- Genre: Romantic comedy Family Drama
- Screenplay by: P.Maarimuthu
- Directed by: R. Deventhiran
- Starring: Nachathira Shyam Nalini Gayatri Jayaraman
- Country of origin: India
- Original language: Tamil
- No. of seasons: 1
- No. of episodes: 275

Production
- Executive producer: Senkathirselvan
- Producers: Karthik Jayaram Pradeep Athinarayanan
- Cinematography: K. Kesavan
- Editor: P.Arunkumar
- Camera setup: Multi-camera
- Running time: 22 minutes
- Production company: 4th Wall Media Works LLP

Original release
- Network: Colors Tamil
- Release: 3 January – 9 December 2022

= Valli Thirumanam (TV series) =

Valli Thirumanam ( Valli's Marriage) is a 2022 Indian-Tamil-language Romantic comedy Family drama television series, starring Nachathira and Shyam. The show is produced by 4th Wall Media Works LLP of Karthik Jayaram and Pradeep Athinarayanan, that was premiered on 3 January 2022 and ended on 9 December 2022 with 275 episodes and aired on Colors Tamil and is also digitally available on Voot.

==Plot==
The story follows the life of a mischievous girl Valli (Nachathira) who is a bold and arrogant money lender. Karthik (R.Shyam) a soft, Kind-hearted man searches for a bride who has the same quality as he does.

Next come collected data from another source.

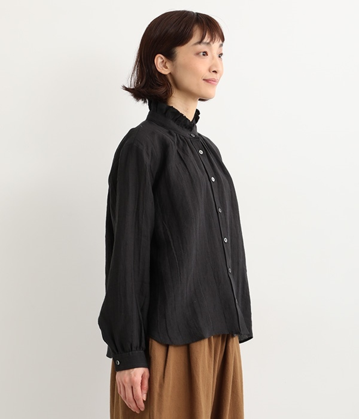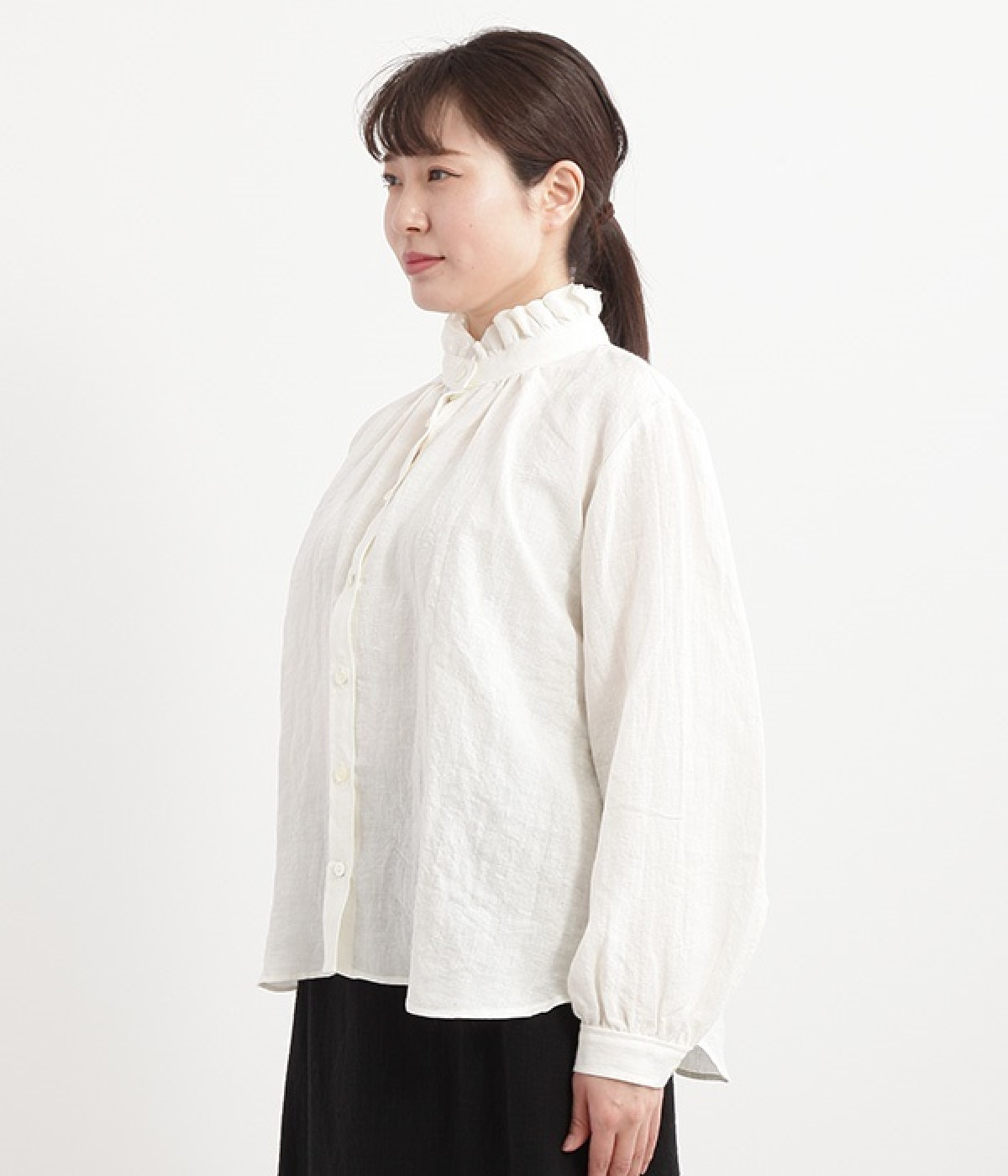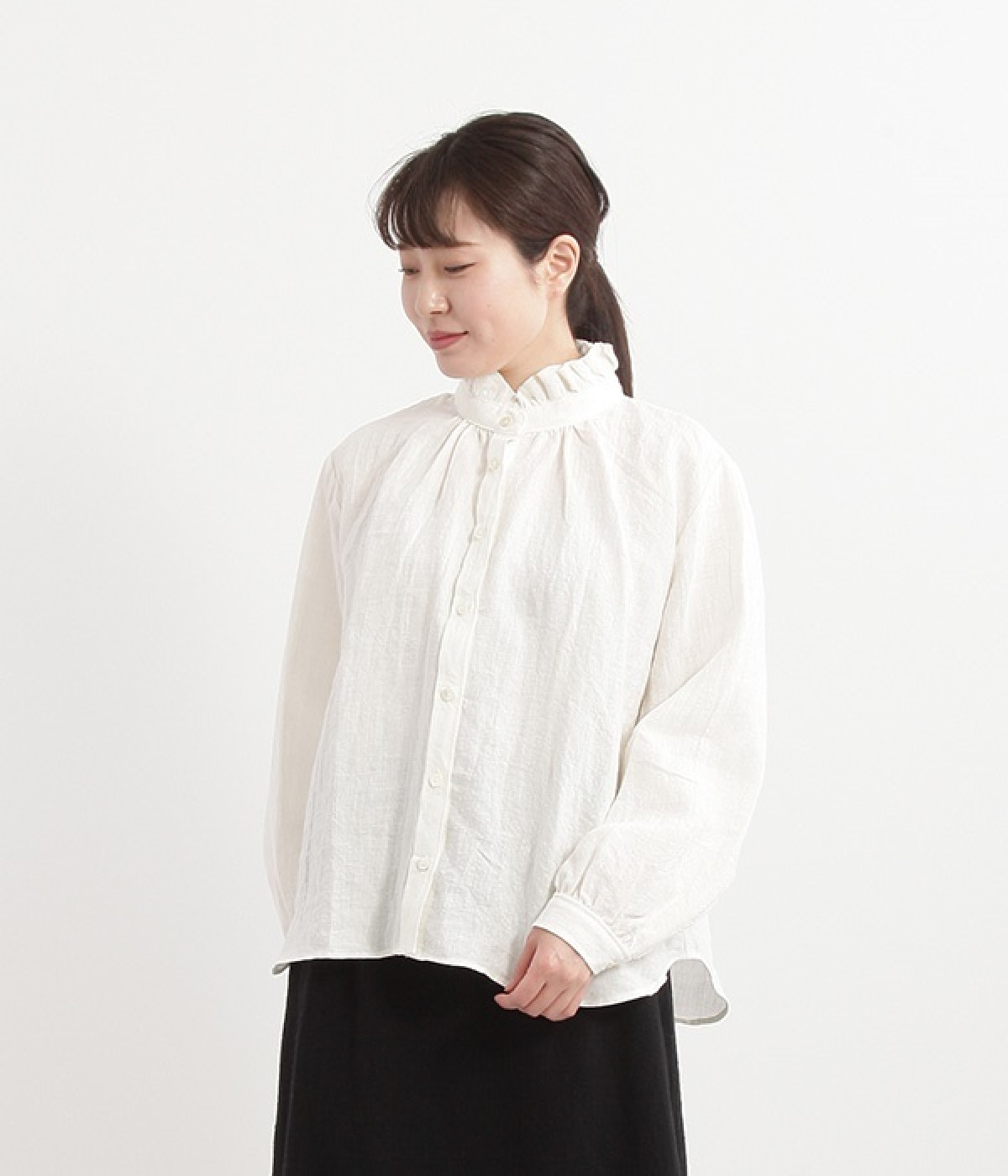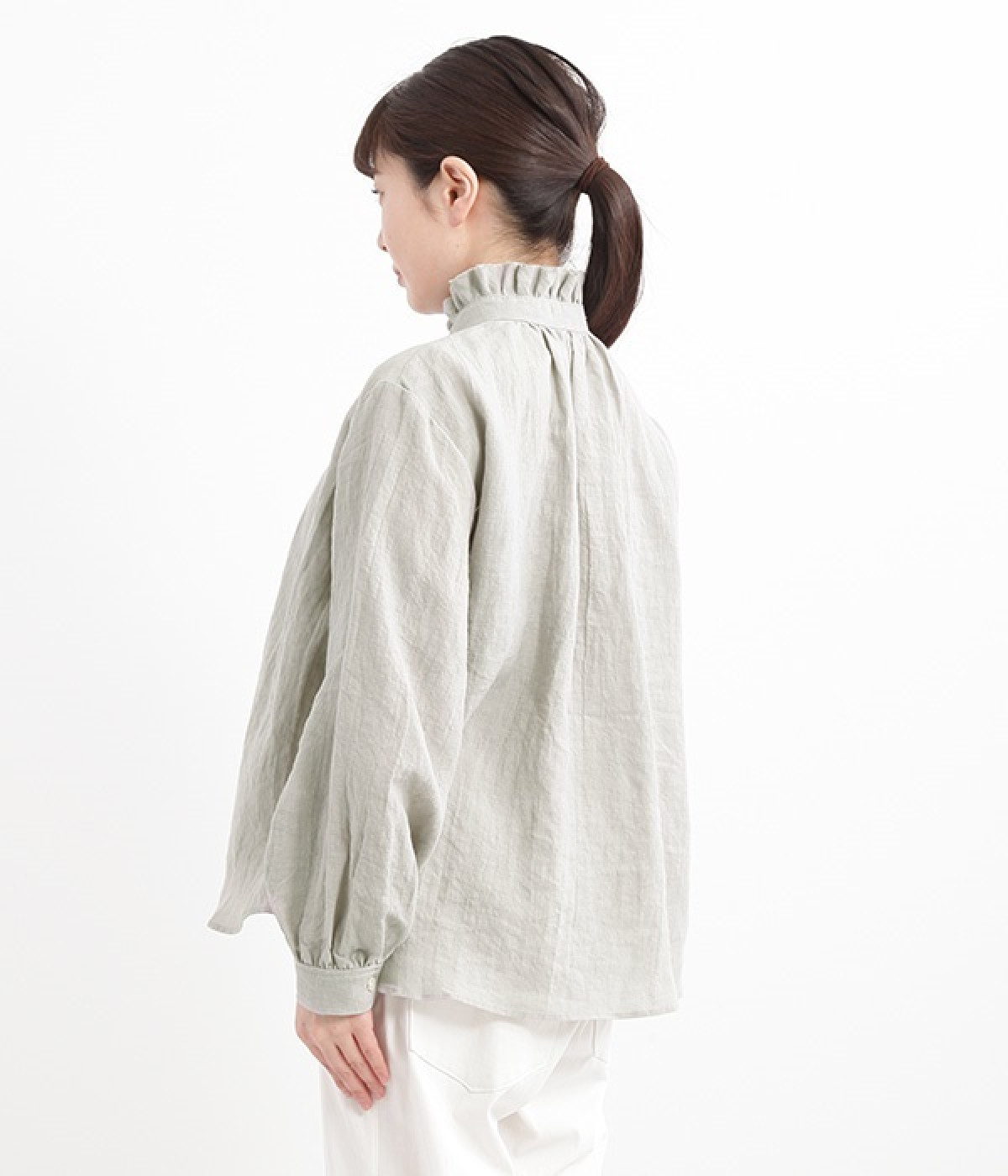 さらっとした肌触りとナチュラルなシワ感のあるフレンチリネンで仕立てたブラウスです。襟先を2重にしバイヤスカットすることで花弁のようなシルエットに仕上げました。ジャケットにインすれば襟元がアクセントになりシックに仕上がります。デニムなどのアイテムと合わせればきれいめなカジュアルダウンスタイルに変身。様々なコーディネートが楽しめるアイテムです。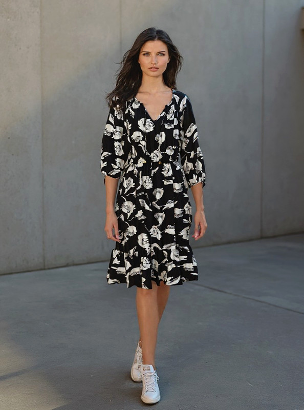Stylish Floral Print Midi Dress with Drawstring and Two Side Pockets (S/M/L) quantity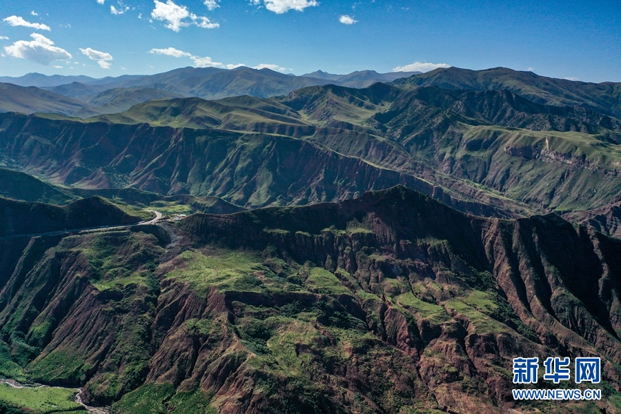 在果洛州瑪沁縣軍功鎮(zhèn),群山高聳,河流穿梭,氣勢磅礴。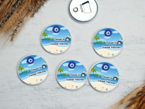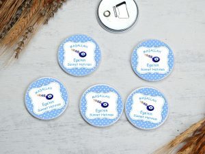 Çapraz mavi çizgi ve nazar boncuğu desenli yuvarlak açacak magnet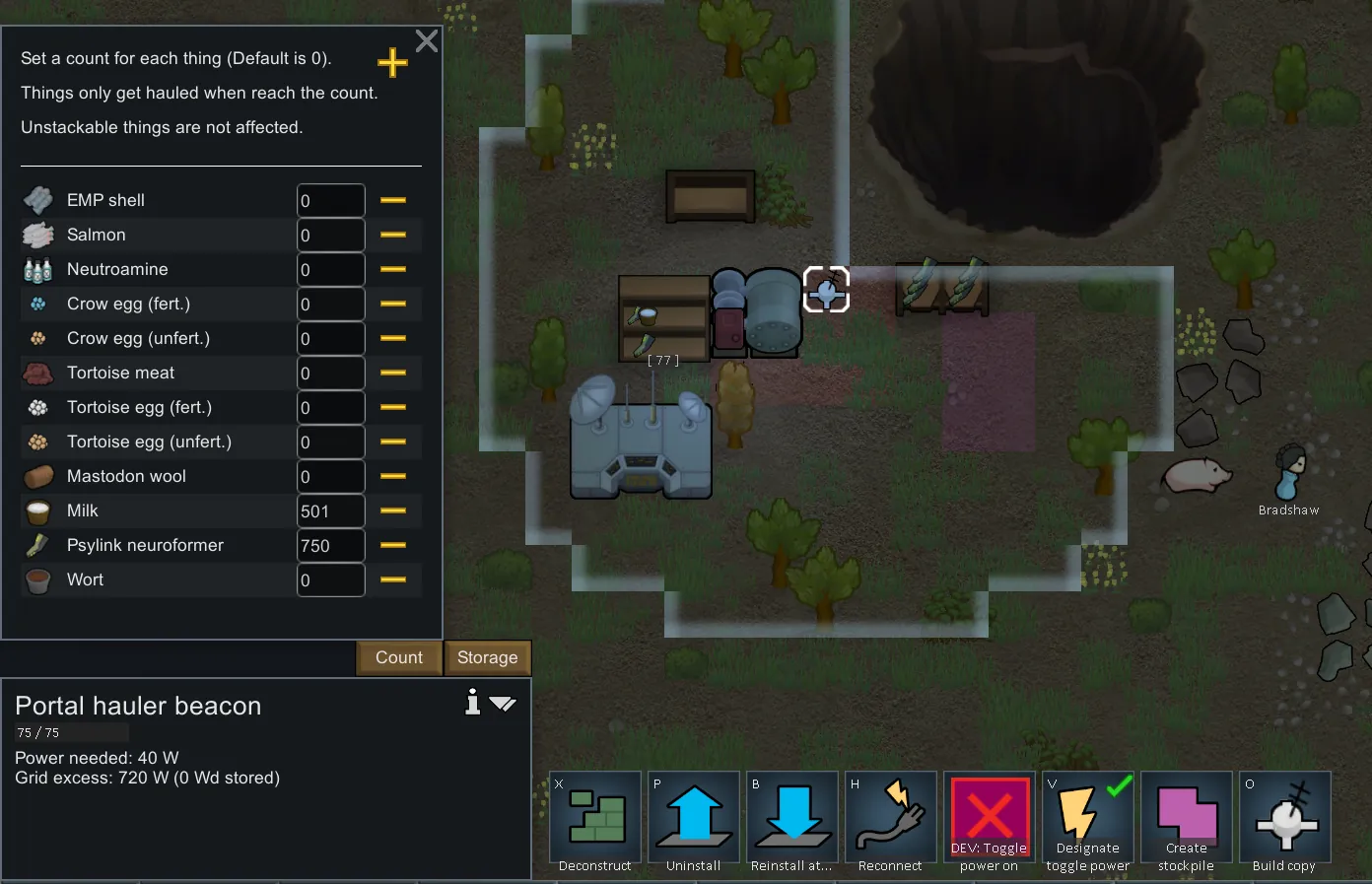 Also, you can set a count for each kind of item. The hauler will haul it after it reaches the count and will leave that number of items not hauled. See in picture. For example, if you set milk to 500, then the beacon will not haul until the milk around reaches 500. If you have 700 milk around, it will haul 200 and leave 500 not hauled.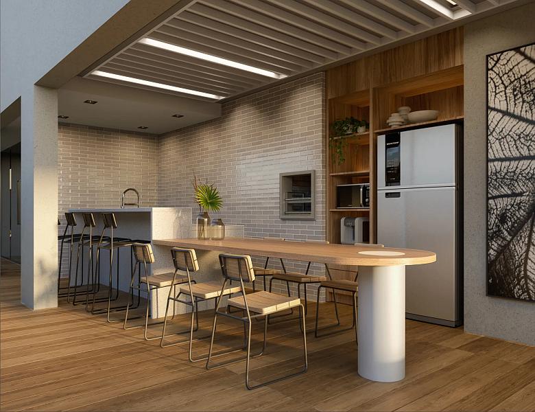 - Varanda gourmet e living integrados com ventilação cruzada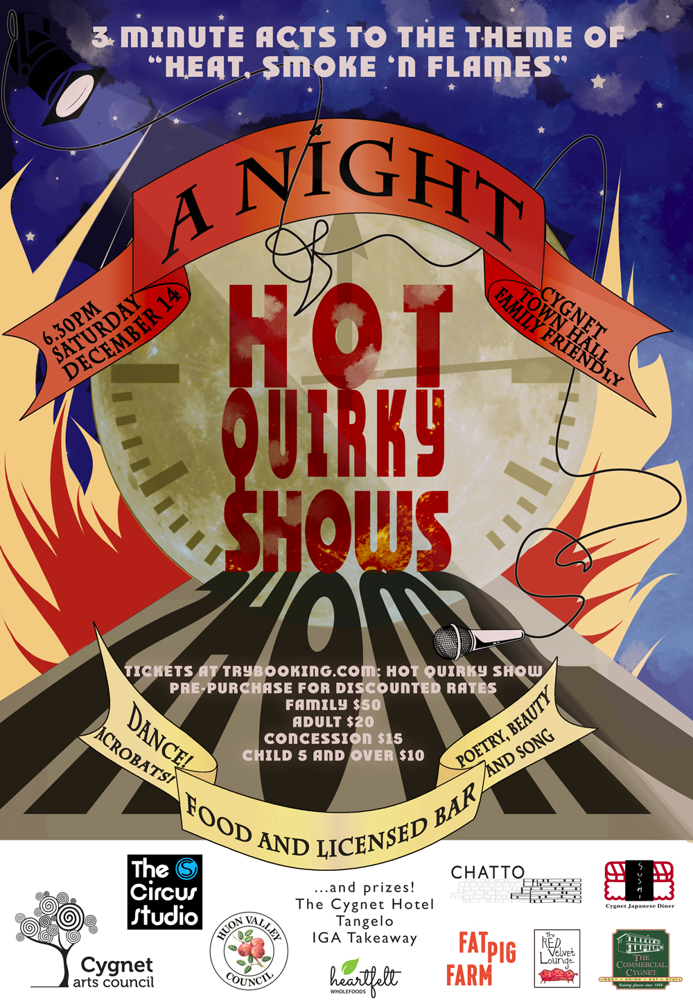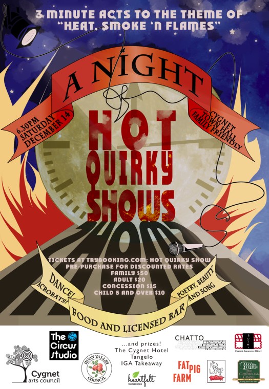 A Night of Hot Quirky Shows 2019 was a community response to the trauma experienced by residents of the Huon Valley during the Bushfires of the previous summer. Short acts ranging from music, to theatre, circus to foley arts were showcased in an evening performance at The Cygnet Town Hall.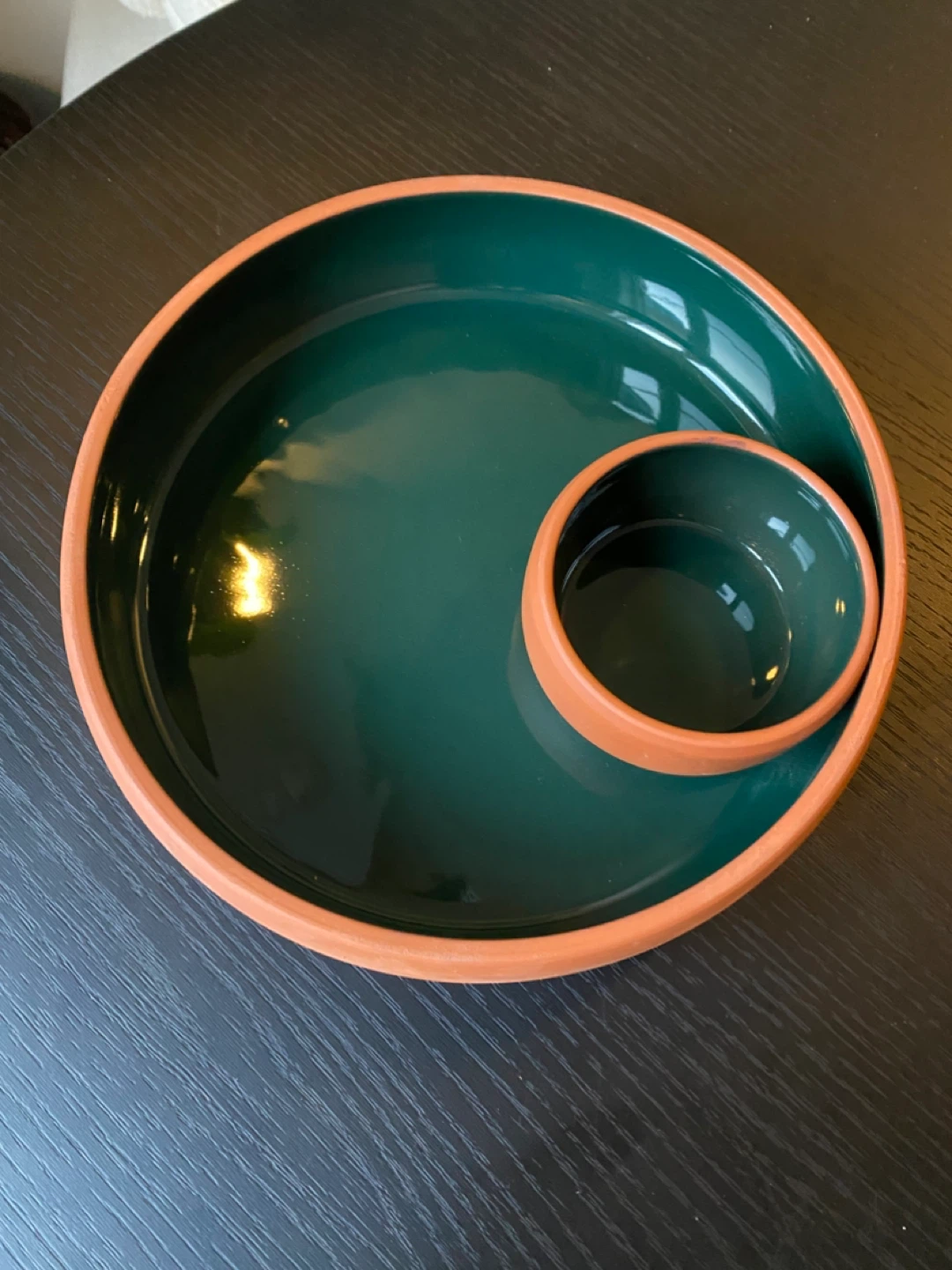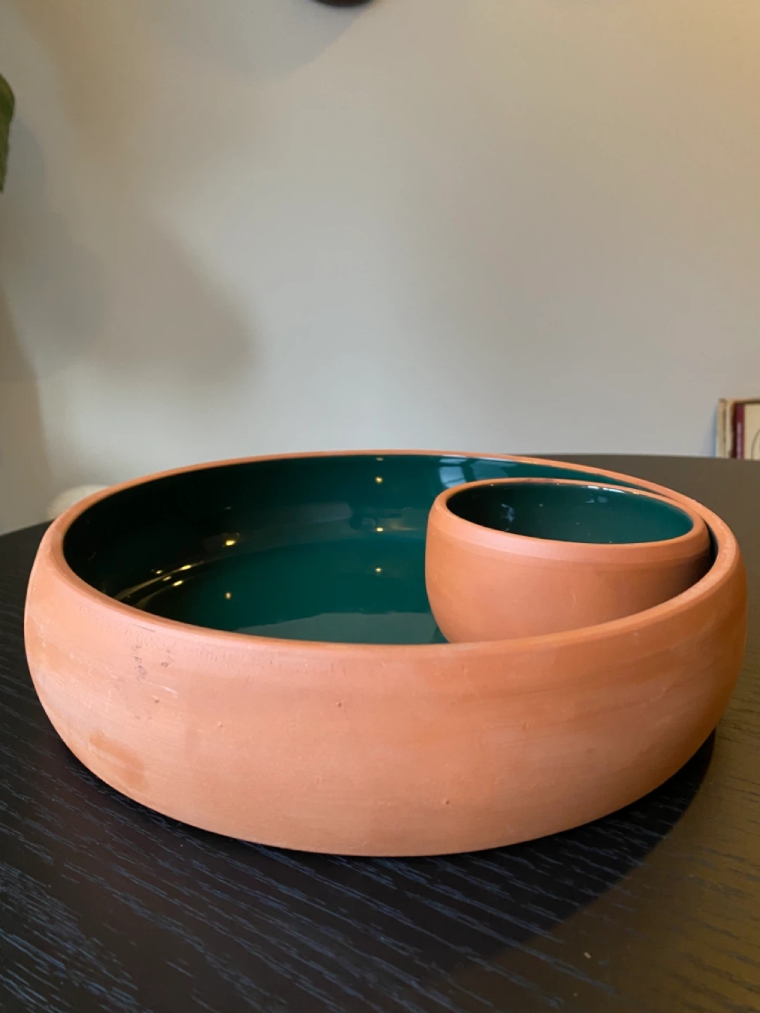 Expertly crafted in Portugal, this set perfectly captures the Organic Modern aesthetic, blending the raw, earthy texture of natural terracotta with a sophisticated, high-gloss hunter green interior glaze. The bowls are fused together in off Center placement.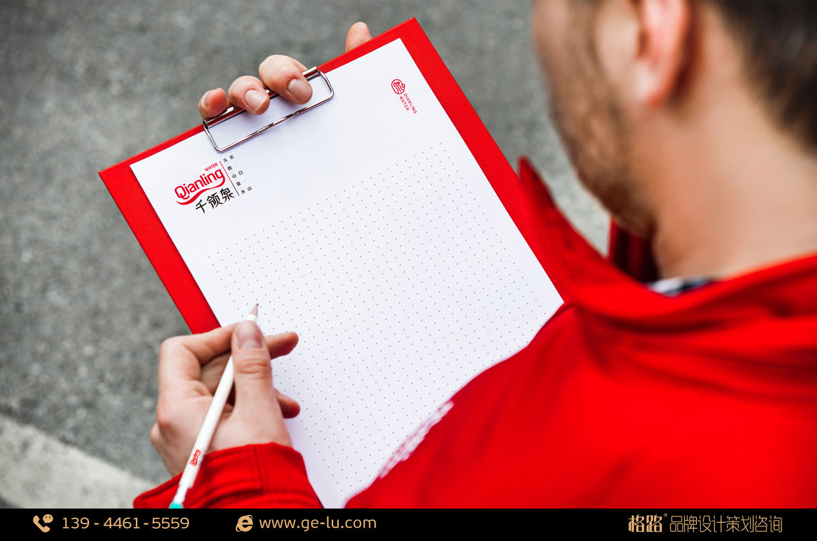 以代表熱情、朝氣的紅色為主色調,不僅體現了千領泉積極向上的企業形象,也展現了品牌理念及產品來帶給消費者更多的愉快、幸福、朝氣。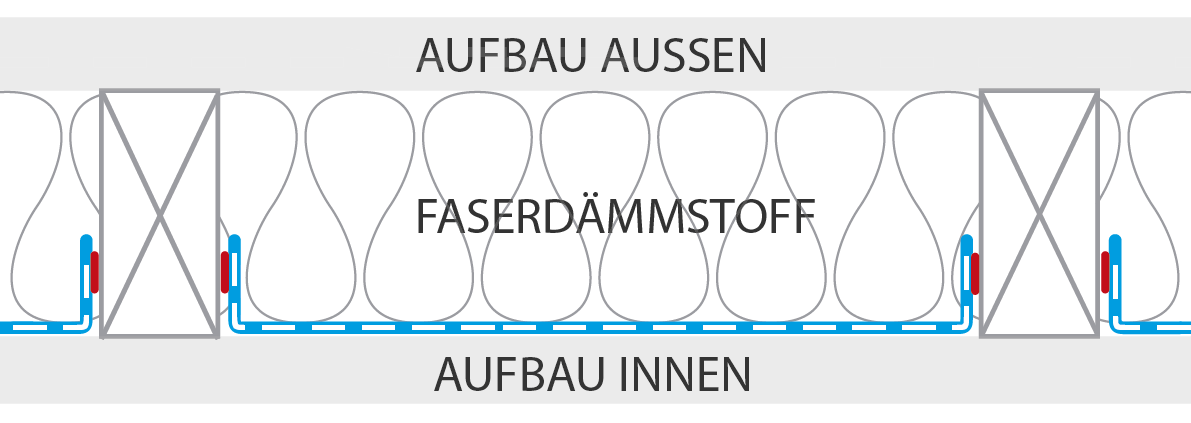 • Luftdichtheitsschicht (oberhalb Tragkonstruktion) sd ≤ 0,1 m

Vadivu (Nalini), Valli's mother wants Valli to marry Karthik, as Vadivu thinks he was a good suitor for Valli. Due to Vadivu's compulsion, Valli projects herself as a soft girl and enters the life of Karthik. The rest of story concentrates on the marriage life of Valli.

== Cast ==
=== Main ===
- Nachathira as Valli Karthik
  - Karthik's wife and Vadivu's daughter, strict and she tries all the tricks to get her money back from the lenders.
- R. Shyam as Karthik
  - Valli's husband and Vasundhara's younger brother, is courteous and soft-spoken. He wants his better half to have the same attributes as he does.